NFTプロジェクトを収益化する上で欠かせない要素だったのがクリエイター報酬(ロイヤリティ)です。それが、今後無くなっていく方向に動いています。

現在、ロイヤリティは無くなっていく方向に向かっているため、運営者は新たな収益化の手法を模索する必要があります。

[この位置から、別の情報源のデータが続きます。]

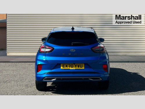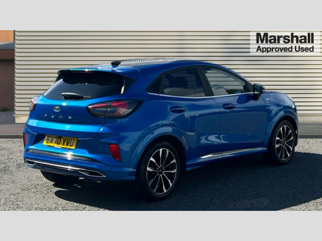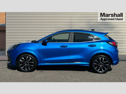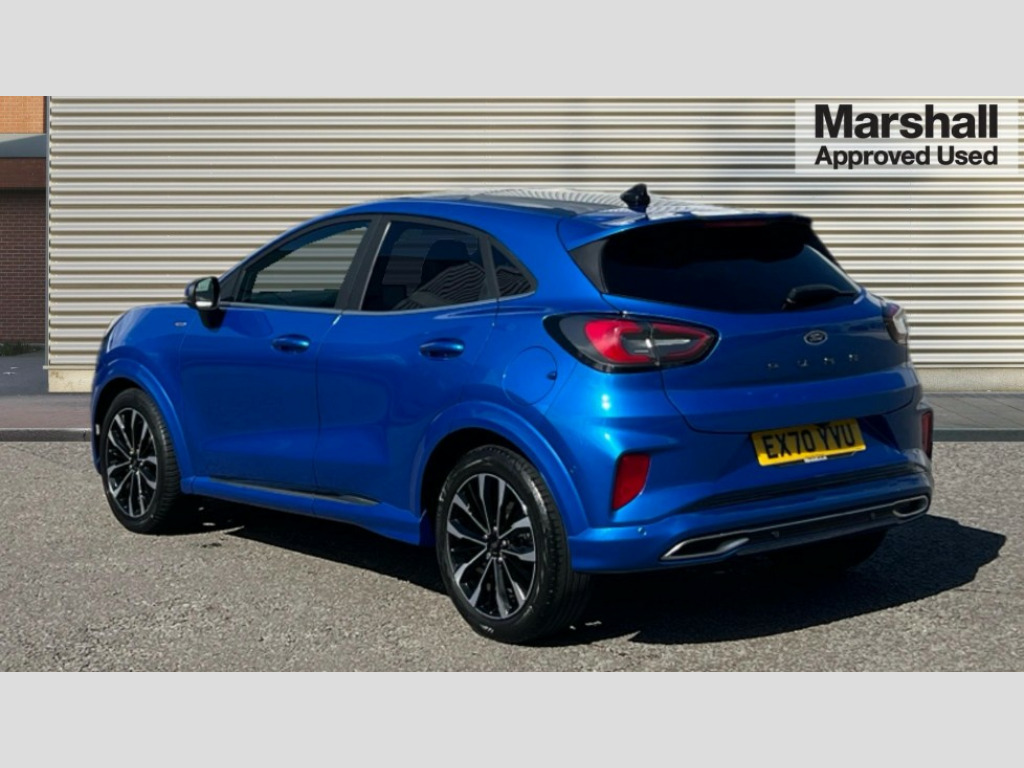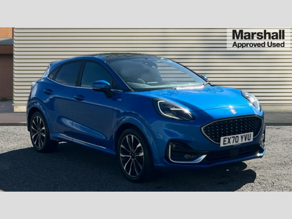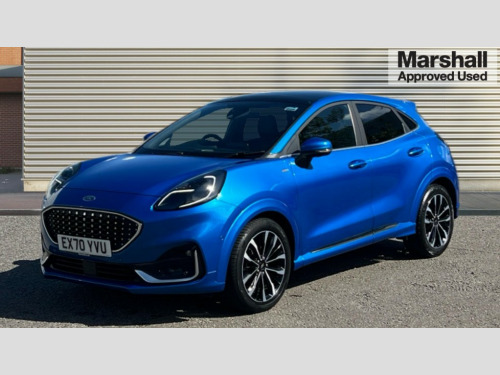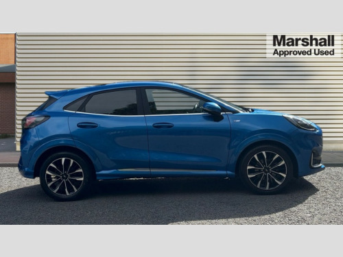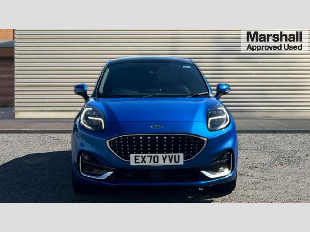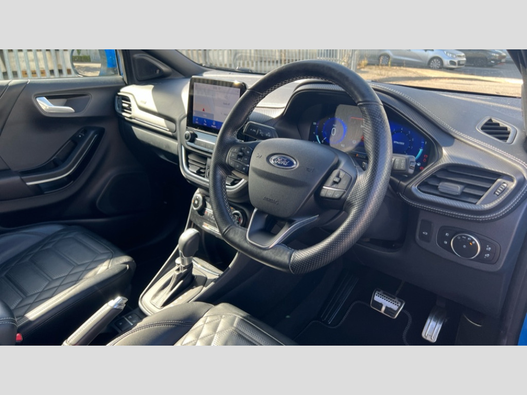 Ford Puma 1.0 EcoBoost ST-Line X Vignale 5dr Auto Ford easy fuel, Full digital 12.3" instrument cluster, Lane keeping aid with lane departure warning, Power assist steering, Rear parking sensor, Selectable drive modes(Normal, sport, Eco, trail, slippery), Wireless charging pad, Automatic headlights with rain sensing wipers and auto high beam, Body coloured door mirrors, Bodyside chrome styling, Fixed LED headlamps, Front fog lights with cornering lights and LED rear lamps, Gloss black with chrome elements on front and rear bumpers, High chrome waistline, LED daytime running lights, Power foldable heated door mirrors with puddle lamps, Privacy glass to side rear windows and tailgate glass, Quickclear heated windscreen, Rear wiper, Satin aluminium accents to front grille, waistline and bodyside, ST-Line body kit with large rear spoiler wth sports suspension, Unique Vignale style upper grille and surround, Centre console with armrest and stowage, Driver and passenger seat lumbar and height adjust, Ford megabox extended bootspace, Front and rear floor mats, Front and rear head restraints, Manual air conditioning, Perforated leather flat bottomed steering wheel, handbrake with metal grey stitching, Premium sensico wrapped instrument cluster, Windsor premium leather upholstery, B&O Premium Audio system + Ford SYNC 3 navigation pack - Puma, Comfort pack - Puma, 3 rear seatbelts, Electronic stability control (ESC) and hill start assist, Pre-collision assist with autonomous emergency braking, pedestrian/cyclist detection & post-collision braking, Tyre pressure monitoring system (TPMS), Thatcham alarm, Carbon look interior deco spears, Tyre inflation kit

そのようななか、NFTプロジェクトの運営者は今後、いかにして収益を上げていけばよいのでしょうか。本記事では、運営者がNFTプロジェクトを収益化するための具体的な施策例を提示します。

NFTロイヤリティをめぐる論争

NFTのロイヤリティは、売却価格の一部が自動的に発行主に還元される仕組みを指します。これまでのデジタルアートと異なり、二次流通における売却益の一部が発行主に入るロイヤリティは、NFTならではの収益方法として注目されてきました。

しかし2022年後半から、ロイヤリティをめぐって大きな変化が起きています。以下、NFTのロイヤリティをめぐる変化について、時系列でまとめます。

Sudoswapの登場

2022年7月にローンチした分散型NFTマーケットプレイス「Sudoswap(スドスワップ)」pは、ロイヤリティを廃止し、プラットフォーム手数料も当時で業界最安値となる0.5%に設定しました。これがロイヤリティ論争の発端とされています。

Sudoswapは、ローンチ初月の取引量が13億円(当時レートで1千万ドル)を達成、2022年8月第3週には週次取引高の市場シェア率が5.6%を記録するなど、一躍、有名NFTマーケットプレイスとなりました。

ロイヤリティの任意支払い、インセンティブ配布が普及

翌月の2022年8月下旬には、大手NFTマーケットプレイス「X2Y2」が「ロイヤリティをすべて購入者の任意とし、チップ制にする」と発表し、NFTの購入者にロイヤリティの支払い有無を選択させる「フレキシブルロイヤリティ(Flexible Royalty)」という仕組みを導入しました。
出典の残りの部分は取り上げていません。